From: Ingo Molnar <mingo@kernel.org>
To: Daniel Bristot de Oliveira <bristot@kernel.org>
Cc: linux-kernel@vger.kernel.org, Ingo Molnar <mingo@redhat.com>,
Peter Zijlstra <peterz@infradead.org>,
Juri Lelli <juri.lelli@redhat.com>,
Vincent Guittot <vincent.guittot@linaro.org>,
Dietmar Eggemann <dietmar.eggemann@arm.com>,
Steven Rostedt <rostedt@goodmis.org>,
Ben Segall <bsegall@google.com>, Mel Gorman <mgorman@suse.de>,
Daniel Bristot de Oliveira <bristot@redhat.com>,
Valentin Schneider <vschneid@redhat.com>,
Joe Mario <jmario@redhat.com>
Subject: Re: [PATCH] sched/idle: Make idle poll dynamic per-cpu
Date: Sun, 15 Jan 2023 10:15:31 +0100 [thread overview]
Message-ID: <Y8PEM9TK4vTPWuxH@gmail.com> (raw)

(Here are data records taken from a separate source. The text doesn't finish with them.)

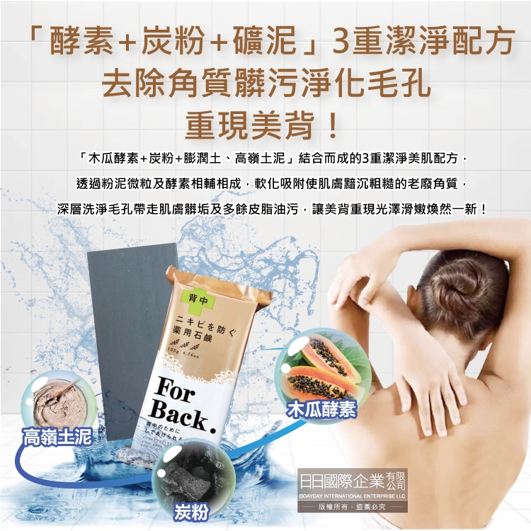 ●品名:For Back背部美肌專用酵素炭泥保濕潔膚皂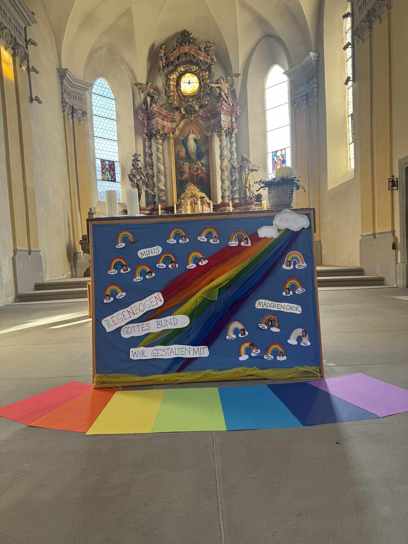 Nach einem Probejahr durften sie nun offiziell ihren Einsatz beginnen und bereicherten die Aufnahmefeier mit Texten, Fürbitten und Liedern unter dem Symbol des Regenbogens. Dieses biblische Zeichen, das seit Noah die Versöhnung zwischen Himmel und Erde ausdrückt, stand im Mittelpunkt des Gottesdienstes. Die sieben Farben des Regenbogens erinnern uns an den Bund Gottes mit den Menschen: Wer sich unter den leuchtenden Bogen stellt, kann sich immer wieder versöhnen und so kann das Miteinander gelingen.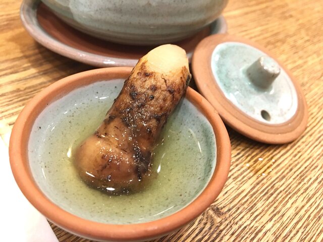 松茸土瓶蒸し。このような贅沢なものを食べたのは何十年ぶりでしょうか。やっぱり美味しいですね、土瓶蒸し。小ぶりながら松茸がゴロンと一本入っていました。海老と鱧も。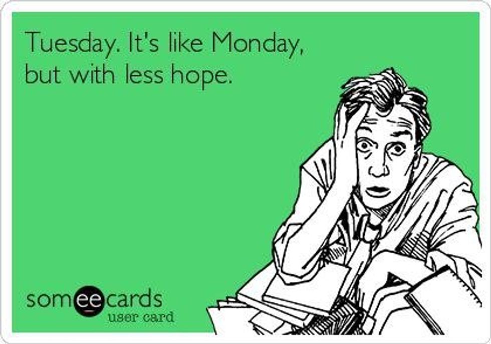 Everyone has their least favorite day of the week. Most people say Monday, and understandably so. Some people say Sunday, because it's the last day of the weekend. Some people may even say Thursday, because you feel like its the weekend, but you're still not quite there. But for me, my expectations for Mondays are already so low, that it ends up being one of my better days of the week. Sunday is my last day for a few days that I can actually get a nap in. And Thursdays are so close to Fridays, that I am already in a good mood. Tuesdays, however, should be called WorstDays -- and here are 10 reasons why.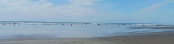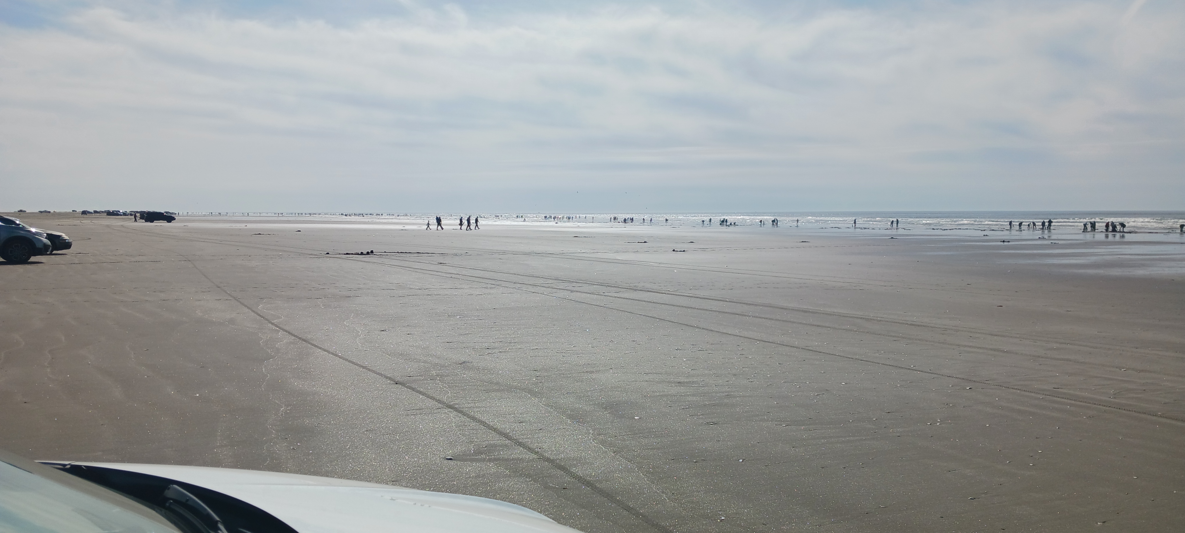 A day at the beach with the new 500 caliber semi auto clam howitzer. Pounding and poking the surf line with the high dollar red handled golf club thingy bought at the Aberdeen Goodwill for a dollar two ninety eight. Them furry nosed Siliqua patula marine bivalve molluscs a.k.a. Razor Clams were all waiting for us, teasing us with the little dimple shows. Followed by a blast from the 500 caliber (5 inch) clam howitzer and POP there it is. Sometimes the fuzzy nose of the desperately digging bivalve will be poking out in the bottom of the hole the clam howitzer just blasted open. The harvester, like myself, will dive madly to the ground, getting covered in sand and reaching up to a shoulder deep to grab the victim. Other times the fuzzy nosed mollusc can be seen in the plug of sand the semi automatic 15 round (limit) clam howitzer blasts out of the surf on to the ground. The fury of the clam diggers is reminiscent of the Pixar movie with seagulls all diving on the same morsel of food, echoing the sound of: mine, mine, mine mine, mine! In the fury of digging the limit is reached and the beautiful day on the beach comes to close is short order. Now its time to stop and head back out to the surf and rinse all the beach debris from the clams, gear and yourself - if possible. Load all the gear and bivalves into the beach rig and head to the house. Fortunately having the foresight to stop at Brady's for some smoked oysters and steelhead salmon I had something to munch on for the 3 hour trip home. It was a beautiful drive home, the mountain (Mt Rainier) was out and not a cloud in the sky.

In-Reply-To: <20230112162426.217522-1-bristot@kernel.org>
* Daniel Bristot de Oliveira <bristot@kernel.org> wrote:
> idle=poll is frequently used on ultra-low-latency systems. Examples of
> such systems are high-performance trading and 5G NVRAM. The performance
> gain is given by avoiding the idle driver machinery and by keeping the
> CPU is always in an active state - avoiding (odd) hardware heuristics that
> are out of the control of the OS.
>
> Currently, idle=poll is an all-or-nothing static option defined at
> boot time. The motivation for creating this option dynamic and per-cpu
> are two:
>
> 1) Reduce the power usage/heat by allowing only selected CPUs to
> do idle polling;
> 2) Allow multi-tenant systems (e.g., Kubernetes) to enable idle
> polling only when ultra-low-latency applications are present
> on specific CPUs.
>
> Joe Mario did some experiments with this option enabled, and the results
> were significant. For example, by using dynamic idle polling on
> selected CPUs, cyclictest performance is optimal (like when using
> idle=poll), but cpu power consumption drops from 381 to 233 watts.
>
> Also, limiting idle=poll to the set of CPUs that benefits from
> it allows other CPUs to benefit from frequency boosts. Joe also
> shows that the results can be in the order of 80nsec round trip
> improvement when system-wide idle=poll was not used.
>
> The user can enable idle polling with this command:
> # echo 1 > /sys/devices/system/cpu/cpu{CPU_ID}/idle_poll
>
> And disable it via:
> # echo 0 > /sys/devices/system/cpu/cpu{CPU_ID}/idle_poll
>
> By default, all CPUs have idle polling disabled (the current behavior).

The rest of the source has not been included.